Copy every line of the records below where the word "there" occurs.

[Extracted records — start]

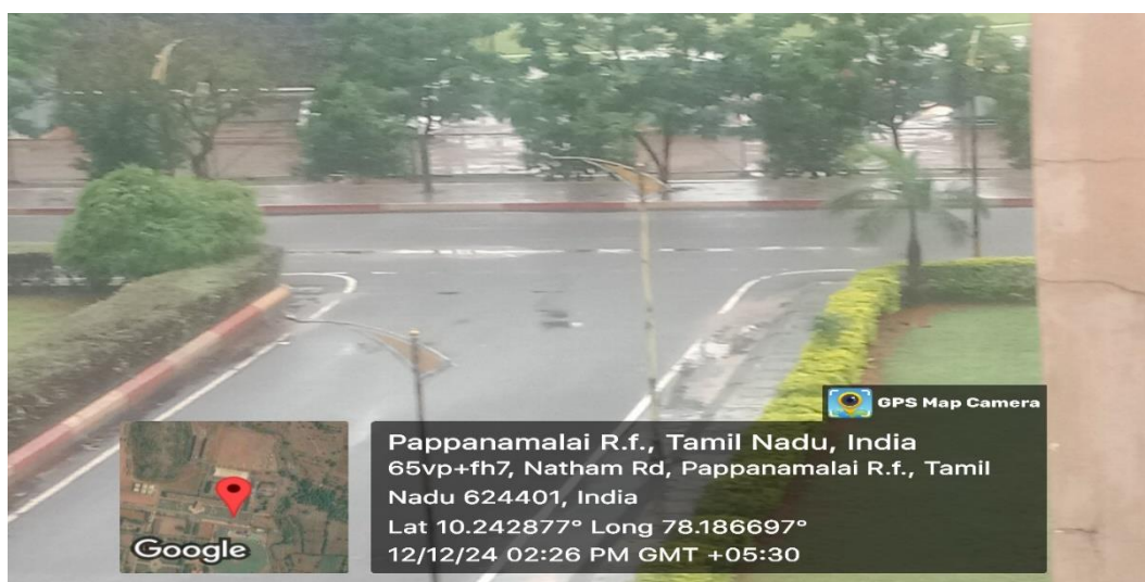
NPRCET Friendly Pathway

Pedestrian-friendly pathways at NPR College of Engineering and technology are a fundamental component of creating a safe, functional, and aesthetically pleasing campus. By prioritizing the needs of pedestrians, these pathways not only ensure efficient movement across the campus but also enhance overall student experience. Well-designed walkways foster a sense of community, encourage walking and cycling, and contribute to a healthier, more sustainable campus environment. By implementing these features, NPR College would help to create an accessible, sustainable, and attractive space where all members of the campus community can navigate with ease and enjoy their surroundings.
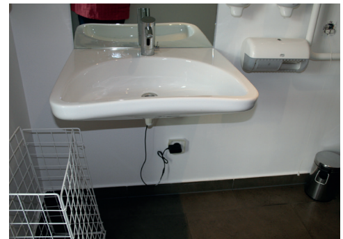
Washbasin in restaurant
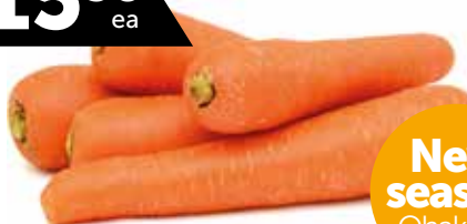
JUMBO CARROTS 10KG Code: 1047164
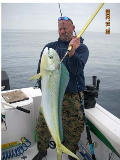
Fox's Nice DoDo at the 425
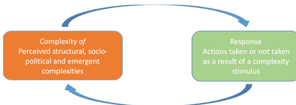
Figure 3: Duality of complexity and response

The relationship between complexity and response then is recursive and we propose conceptualising it as a duality – where the response is simultaneously enabled and constrained by the perceived complexity and vice versa (see Figure 3). A duality is an appropriate conception as opposed to a dualism – there is not complexity or response – both are ongoing, co-exist and interact. The nature of such interactions in dualities have provided rich research fields for Social Practice scholars (from Giddens (1984) to more recently Feldman and Pentland (2003)). The concept of response is expanded to include 'actions not taken'. This may echo the findings of Kutsch and Hall (2009) in risk management where legitimate responses to risk included delay, denial and avoidance of the risk stimulus.
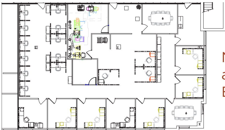
1st floor | 4,508 RSF

NEW AVAILABILITIES at Penn Center West Building One!
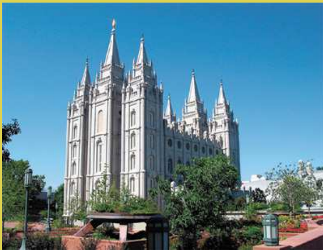
Joseph Smith, Founder of the LDS Church. Below is the LDS Temple in Salt Lake City, Utah.

In reality, the Mormon Church, currently headquartered in Salt Lake City, Utah, is nothing less than an anti-Christian, blasphemous arm of World Jewry. It is a Judaic cult. As such, the Jewish rabbis cooperate fully with the Salt Lake City religious elite in helping the Mormons achieve their earthly goals. Indeed, the real goal of the Mormon church is to exalt physical Israel as God's Chosen People and to establish a Hebrew-led global empire. At the helm of that empire, the Mormons believe, will be a Hebrew King.
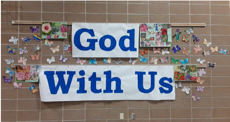
St. John's Sunday School
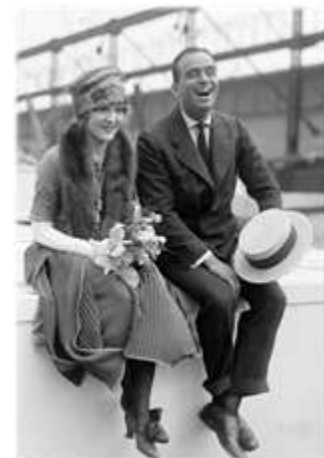
Mary Pickford and Douglas Fairbanks, on their Honeymoon in London, 1920 – Click to Play

Mary Pickford and Douglas Fairbanks became Hollywood's first power couple when they married 101 years ago on March 28, 1920. Pickford and Fairbanks had already established themselves as leading stars of the silver screen, with the public dubbing her "America's Sweetheart" for her charming performances in films such as Rebecca of Sunnybrook Farms (1917) and calling Fairbanks "Everybody's Hero" for his swashbuckling roles in films like The Mark of Zorro (1918). The year before they married, they also became business partners by joining with Charlie Chaplin and director D.W. Griffith to create United Artists. Filmmakers who signed on at UA were true independents attempting to take control of the destiny of their films. This was in great contrast to how films made by the major studios were controlled by their production heads or founders – like Adolph Zukor at Famous Players-Lasky, which later became Paramount Pictures. Mary worked for Zukor for many years as her star power grew. In May 1916, she signed a new deal with Zukor that gave her complete control of her projects, including a $10,000 weekly salary plus 50% of each film's profits with a guarantee of more than $1M - about $18.5M today.
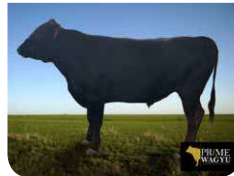
Poll Wagyu Midnight M0775 (ET)

JKCPR0078 ISLAND WAGYU 78 (IMP CAN) (ET) (P)
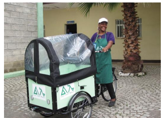
The Likie distribution model for Supermom in Ethiopia, supported by 2SCALE
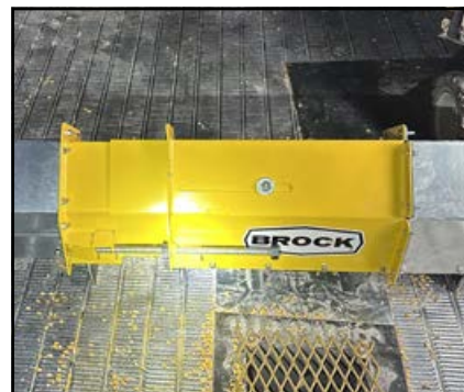
Tensioner/Extender (Patent Pending)
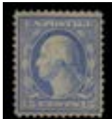
OFFER #22066 #340, LH, VF OUR PRICE $55-
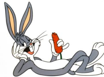
Guarding against "rascals"! Bugs Bunny – Now there's a rascally character!
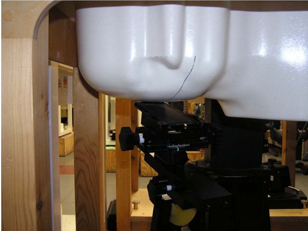
Figure 5: Tilt Position, Front of Head of Phantom
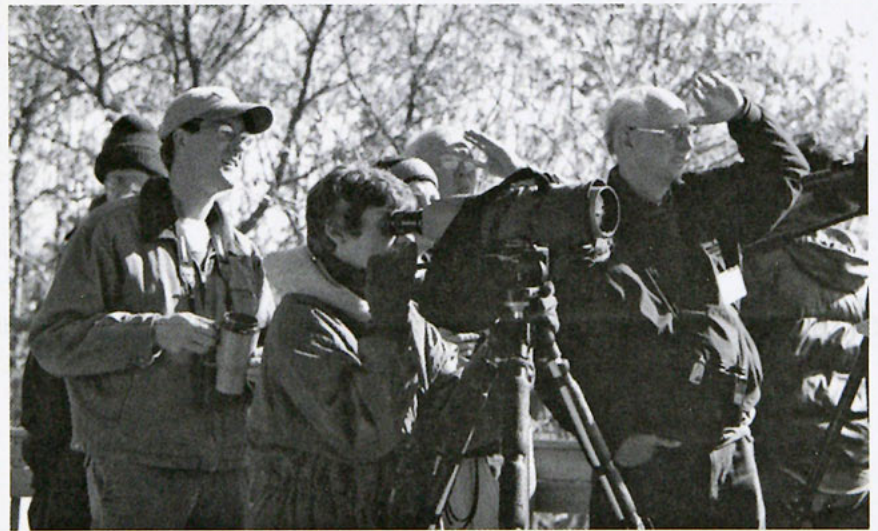
Birding the Loess Hills.
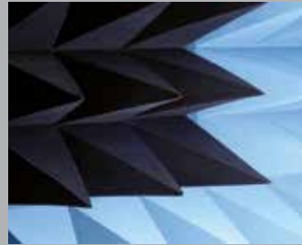
WAVASORB® HFX/HFS: High Power Absorber
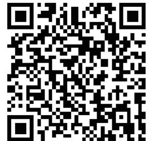
LH Car (for Android)
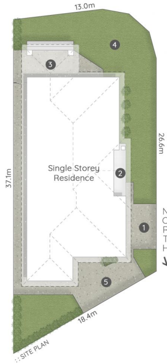
:: SITE PLAN
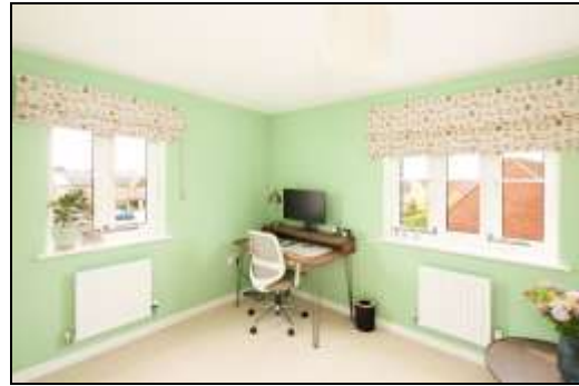
Second Floor Bedroom Two
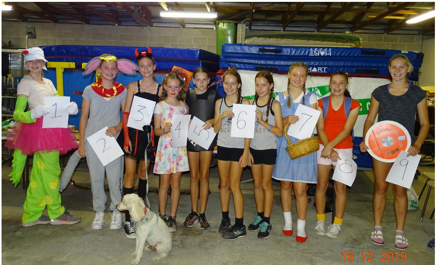
The Girls dress highlighted with the "I" and "D" theme costumes
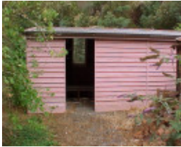
Walhalla Post Office Exterior Outbuilding March 2003
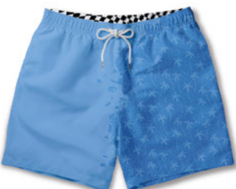
LIGHT BLUE BS420
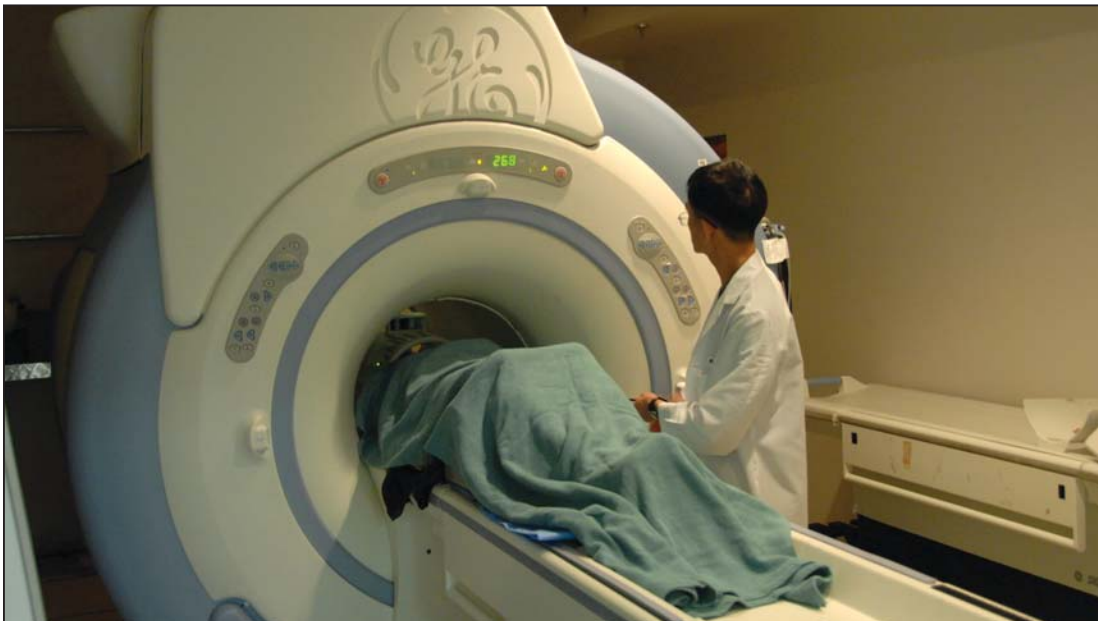
Technician checks MRI machine.

This research also is helping to reveal biological pathways that guide thoughts and emotions, and how experiences, medications, or environmental substances affect the brain. Scientists can use this information to design better screening and prevention for specific disorders, and improve on the delivery and effectiveness of mental health treatments.
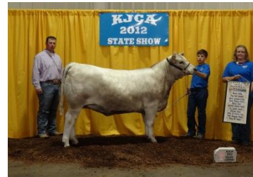
Reserve % Female
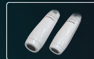
Dot HiFU Handpiece
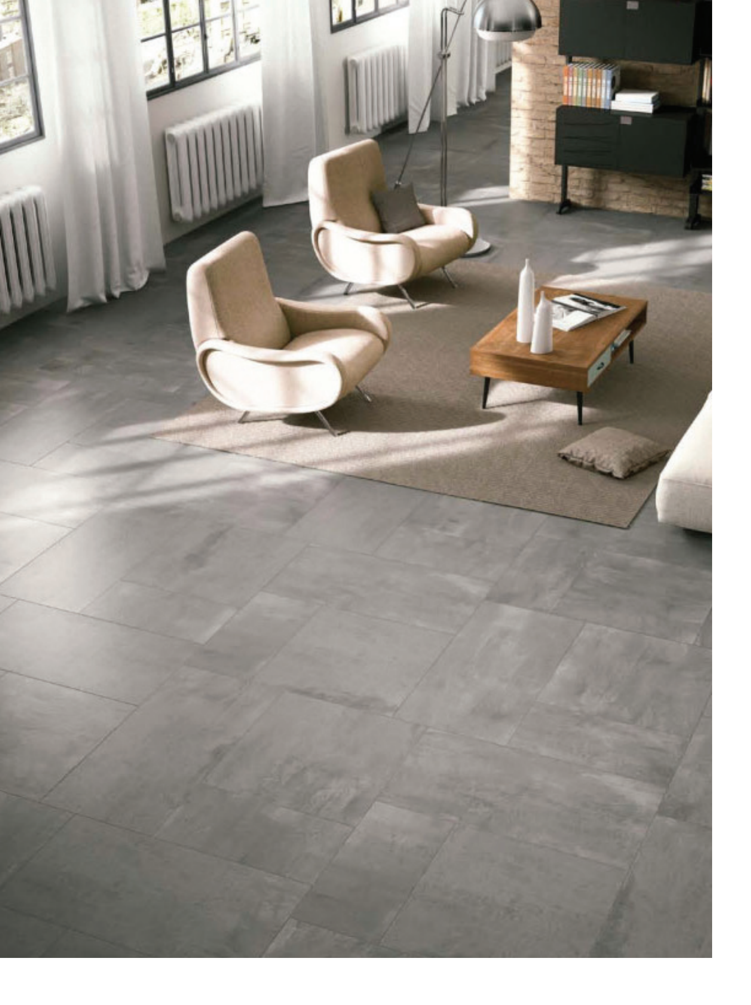
12"x24" | 18"x36" | 24"x24" Field Tile in G
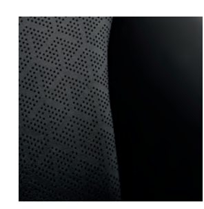
EX, EX+ Black leather (synthetic)
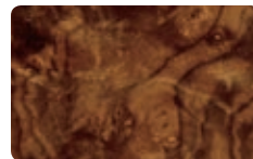
Brown Swirl Walnut Wood
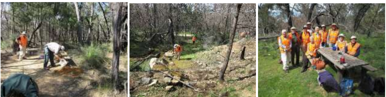
Images L-R: Installing a seat at the old school site; preparing the new steps and path to the powder magazine; track maintenance participants

Kyle showed Brett and Phil an old powder magazine which was off the main track to the township walk.
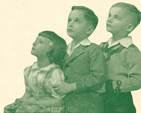
"Lord, teach us to pray"

A PROTESTANT RESIDENTIAL SCHOOL FOR DEAF CHILDREN
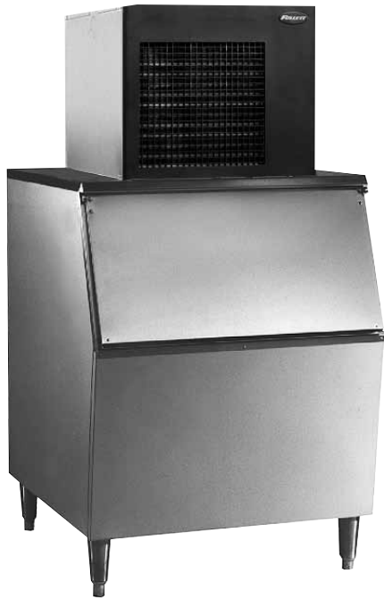
Model MFD400ABT flake icemaker (shown on Follett 425-30 ice storage bin, ordered separately)
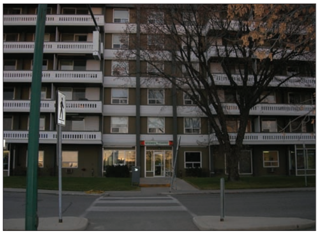
Mixed use residential complex.

A dentist and doctor's office fill the main floor of this multi-unit residential development.
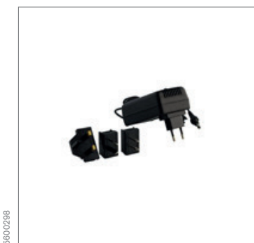
Plug-in charger, 100 V - 240 V
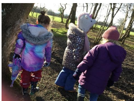
Going on a reptile hunt.
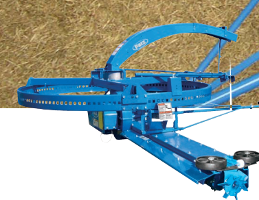
Single Auger Ring Drive
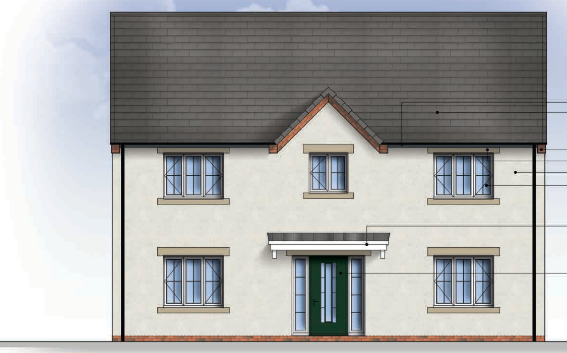
Blakeney Focal Point Typical Elevation

[Extracted records — finish]

Response to the task —
The relationship between complexity and response then is recursive and we propose conceptualising it as a duality – where the response is simultaneously enabled and constrained by the perceived complexity and vice versa (see Figure 3). A duality is an appropriate conception as opposed to a dualism – there is not complexity or response – both are ongoing, co-exist and interact. The nature of such interactions in dualities have provided rich research fields for Social Practice scholars (from Giddens (1984) to more recently Feldman and Pentland (2003)). The concept of response is expanded to include 'actions not taken'. This may echo the findings of Kutsch and Hall (2009) in risk management where legitimate responses to risk included delay, denial and avoidance of the risk stimulus.
Guarding against "rascals"! Bugs Bunny – Now there's a rascally character!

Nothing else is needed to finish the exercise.